- Task objective
Within the records below, find the line with "Robe – Maje" and the line with "I would like", then reproduce exactly those two lines and all lines between them, without any picture.

- Data records
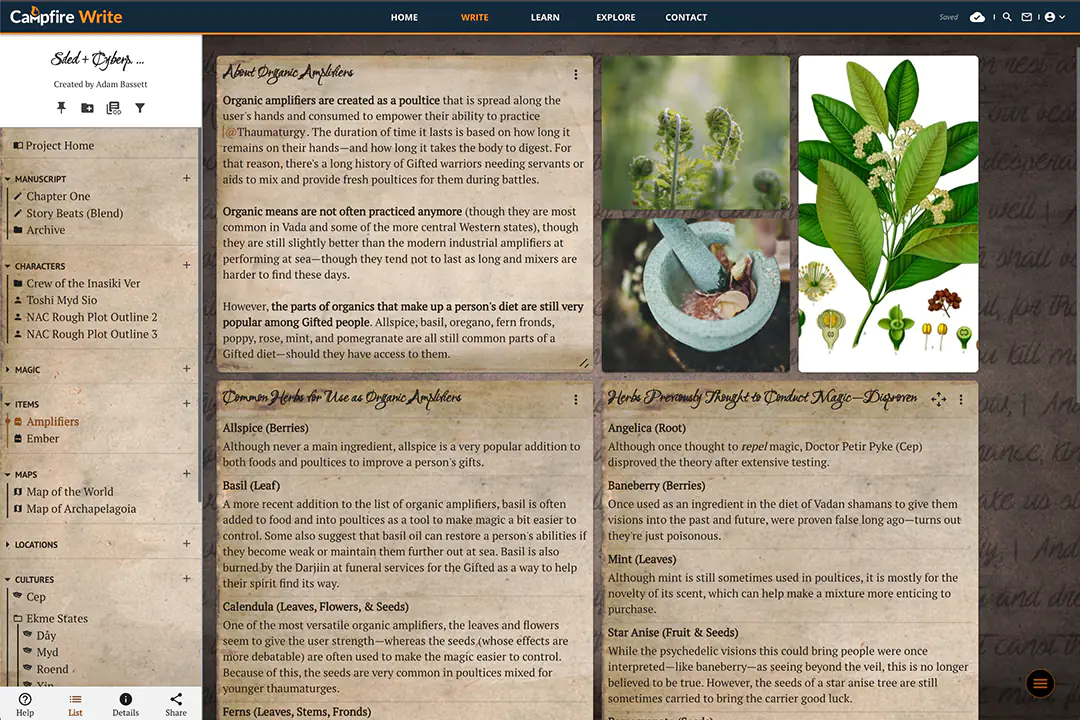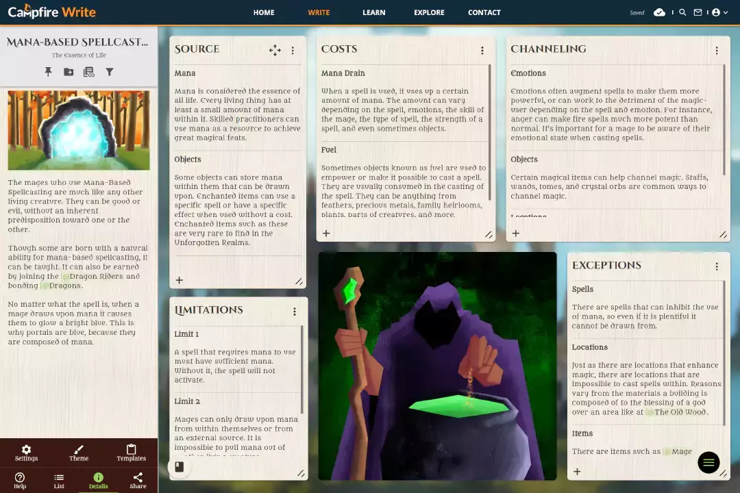 Campfire is composed of seventeen modules, each one offering a different way to organize your notes, write your story, or worldbuild. Try each one for free!
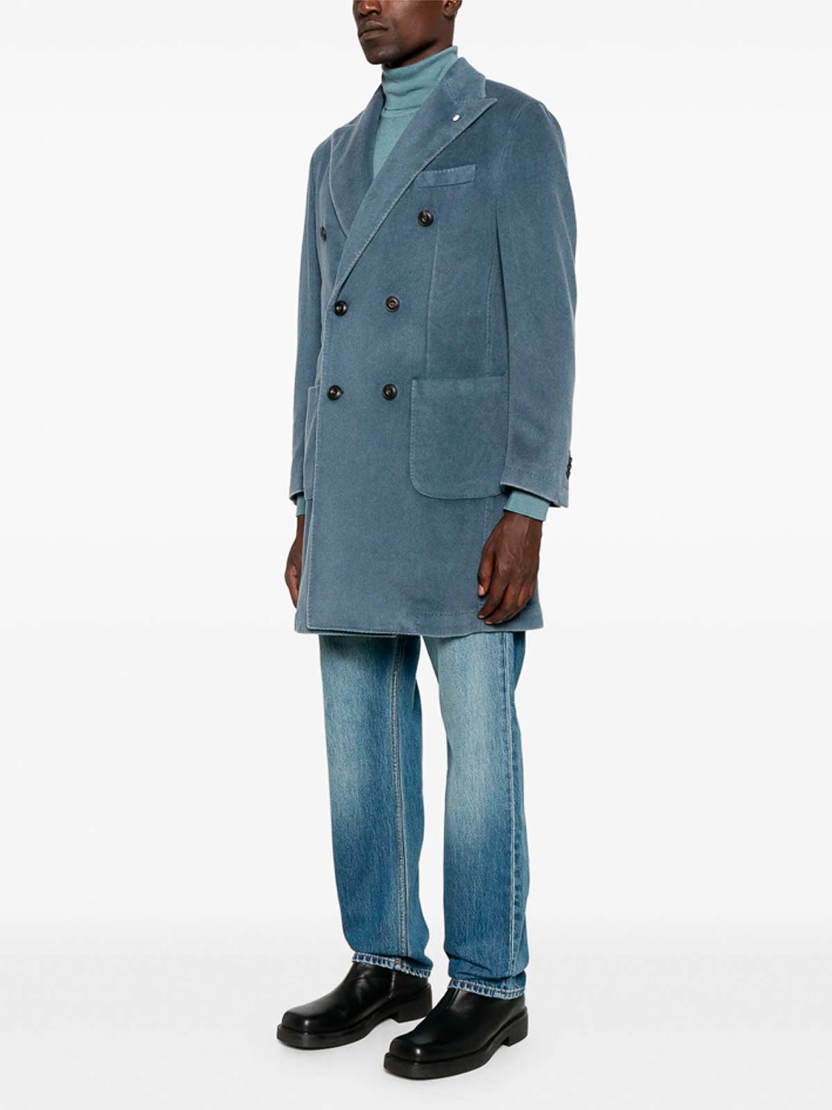 ライトブルー、ダブルブレストクロージャー、パッチポケット、ポインテッドラペル、ロングスリーブ、ストレートヘム
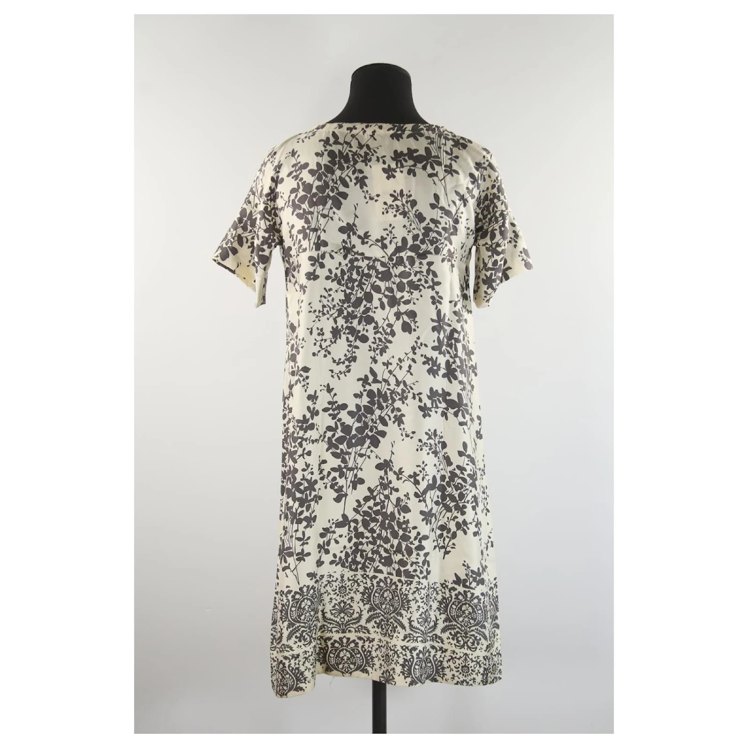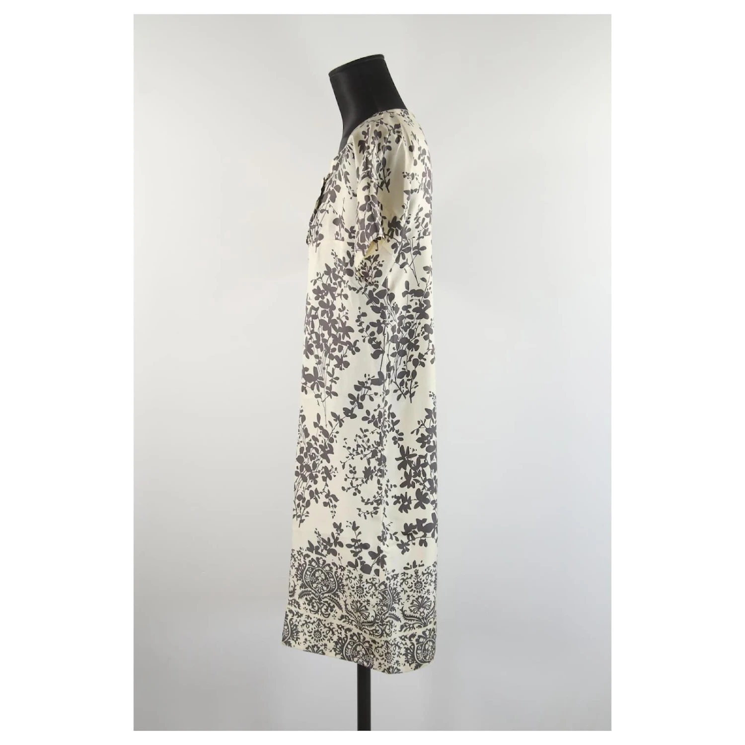 Robe – Maje – Longueur : 94cm – Épaules : 36cm – Aisselles : 15cm – Blanc – Taille XS – 100% Soie – Très Bon État – Référence 992015
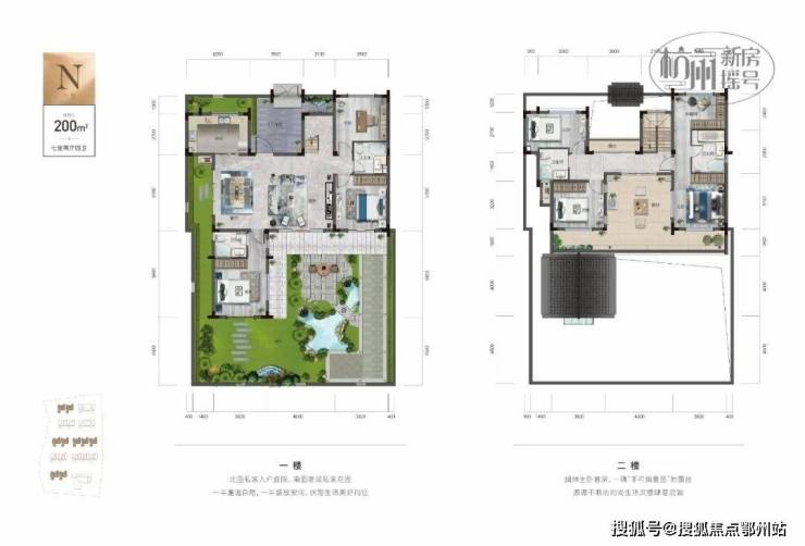 整体容积率1.1,新中式小院组团容积率低至0.41,全部为二层建筑,户户皆有花园和露台,花园面积约120-190㎡,户型舒适度与得房率俱佳。
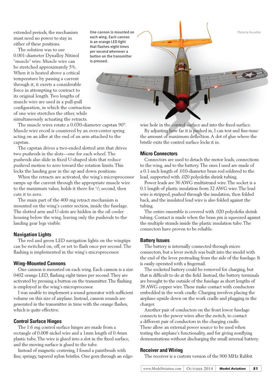 I would like to thank Robert Guillot for showing me how to make scale aircraft of this size. I also want to thank Matt Keennon for introducing me to the challenges of muscle wire, and for allowing me to use the gym in Simi Valley, California.
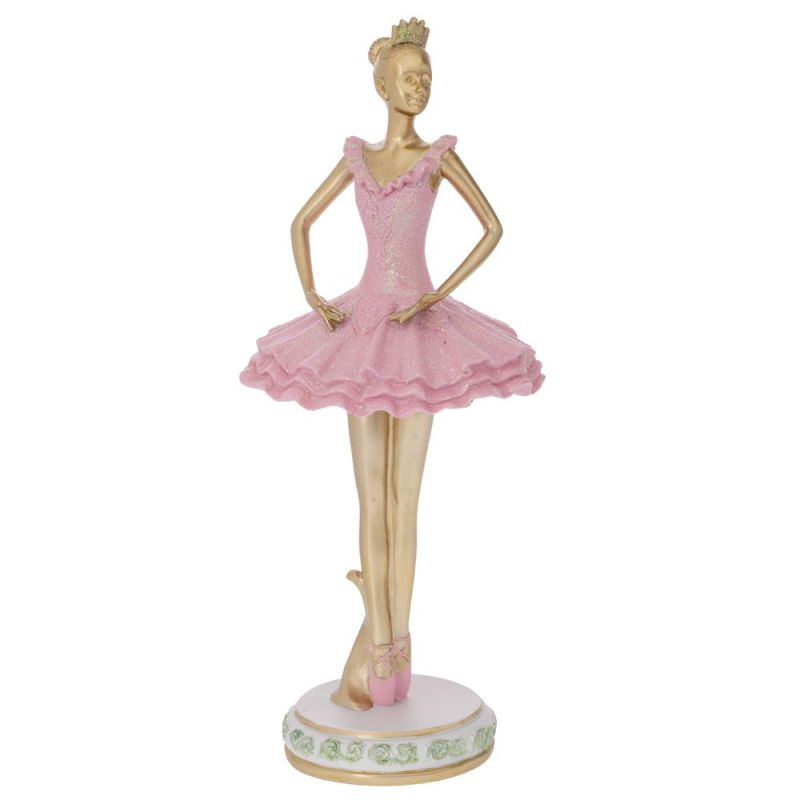 ЗЛАТНА ПОЛИРЕЗИНОВА БАЛЕРИНА С РОЗОВА РОКЛЯ 15X15X37СМ

- Solution to this task
 Robe – Maje – Longueur : 94cm – Épaules : 36cm – Aisselles : 15cm – Blanc – Taille XS – 100% Soie – Très Bon État – Référence 992015
 整体容积率1.1,新中式小院组团容积率低至0.41,全部为二层建筑,户户皆有花园和露台,花园面积约120-190㎡,户型舒适度与得房率俱佳。
 I would like to thank Robert Guillot for showing me how to make scale aircraft of this size. I also want to thank Matt Keennon for introducing me to the challenges of muscle wire, and for allowing me to use the gym in Simi Valley, California.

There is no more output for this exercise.